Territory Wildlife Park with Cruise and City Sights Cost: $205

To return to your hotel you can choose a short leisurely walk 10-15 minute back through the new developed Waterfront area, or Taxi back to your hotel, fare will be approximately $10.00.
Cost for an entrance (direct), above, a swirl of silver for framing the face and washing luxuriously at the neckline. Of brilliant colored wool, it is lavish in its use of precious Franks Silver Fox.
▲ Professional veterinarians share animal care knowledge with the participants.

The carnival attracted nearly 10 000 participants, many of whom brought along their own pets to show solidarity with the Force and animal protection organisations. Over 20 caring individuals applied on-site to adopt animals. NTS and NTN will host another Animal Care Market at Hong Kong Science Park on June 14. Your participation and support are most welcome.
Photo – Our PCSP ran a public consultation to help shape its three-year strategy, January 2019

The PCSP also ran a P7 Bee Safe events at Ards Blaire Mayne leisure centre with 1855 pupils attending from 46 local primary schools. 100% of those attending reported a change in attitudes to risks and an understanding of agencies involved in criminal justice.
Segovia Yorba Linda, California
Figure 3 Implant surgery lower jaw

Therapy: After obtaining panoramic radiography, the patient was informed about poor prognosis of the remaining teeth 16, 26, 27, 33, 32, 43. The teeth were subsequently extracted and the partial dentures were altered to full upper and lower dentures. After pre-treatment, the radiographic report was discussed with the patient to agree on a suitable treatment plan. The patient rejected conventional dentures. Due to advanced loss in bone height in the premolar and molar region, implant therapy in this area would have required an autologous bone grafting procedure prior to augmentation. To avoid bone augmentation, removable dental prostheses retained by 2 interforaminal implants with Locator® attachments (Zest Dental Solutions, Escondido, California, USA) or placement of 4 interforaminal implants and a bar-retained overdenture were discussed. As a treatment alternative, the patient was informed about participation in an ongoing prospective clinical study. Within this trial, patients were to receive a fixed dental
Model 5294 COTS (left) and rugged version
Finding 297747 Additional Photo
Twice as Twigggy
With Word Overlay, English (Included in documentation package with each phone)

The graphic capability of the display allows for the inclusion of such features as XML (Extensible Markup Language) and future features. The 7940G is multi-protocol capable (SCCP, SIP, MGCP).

------------------------------------

**About this exercise**
In full and without edits, repeat the listing above.

**Result of the exercise**
Territory Wildlife Park with Cruise and City Sights Cost: $205

To return to your hotel you can choose a short leisurely walk 10-15 minute back through the new developed Waterfront area, or Taxi back to your hotel, fare will be approximately $10.00.
Cost for an entrance (direct), above, a swirl of silver for framing the face and washing luxuriously at the neckline. Of brilliant colored wool, it is lavish in its use of precious Franks Silver Fox.
▲ Professional veterinarians share animal care knowledge with the participants.

The carnival attracted nearly 10 000 participants, many of whom brought along their own pets to show solidarity with the Force and animal protection organisations. Over 20 caring individuals applied on-site to adopt animals. NTS and NTN will host another Animal Care Market at Hong Kong Science Park on June 14. Your participation and support are most welcome.
Photo – Our PCSP ran a public consultation to help shape its three-year strategy, January 2019

The PCSP also ran a P7 Bee Safe events at Ards Blaire Mayne leisure centre with 1855 pupils attending from 46 local primary schools. 100% of those attending reported a change in attitudes to risks and an understanding of agencies involved in criminal justice.
Segovia Yorba Linda, California
Figure 3 Implant surgery lower jaw

Therapy: After obtaining panoramic radiography, the patient was informed about poor prognosis of the remaining teeth 16, 26, 27, 33, 32, 43. The teeth were subsequently extracted and the partial dentures were altered to full upper and lower dentures. After pre-treatment, the radiographic report was discussed with the patient to agree on a suitable treatment plan. The patient rejected conventional dentures. Due to advanced loss in bone height in the premolar and molar region, implant therapy in this area would have required an autologous bone grafting procedure prior to augmentation. To avoid bone augmentation, removable dental prostheses retained by 2 interforaminal implants with Locator® attachments (Zest Dental Solutions, Escondido, California, USA) or placement of 4 interforaminal implants and a bar-retained overdenture were discussed. As a treatment alternative, the patient was informed about participation in an ongoing prospective clinical study. Within this trial, patients were to receive a fixed dental
Model 5294 COTS (left) and rugged version
Finding 297747 Additional Photo
Twice as Twigggy
With Word Overlay, English (Included in documentation package with each phone)

The graphic capability of the display allows for the inclusion of such features as XML (Extensible Markup Language) and future features. The 7940G is multi-protocol capable (SCCP, SIP, MGCP).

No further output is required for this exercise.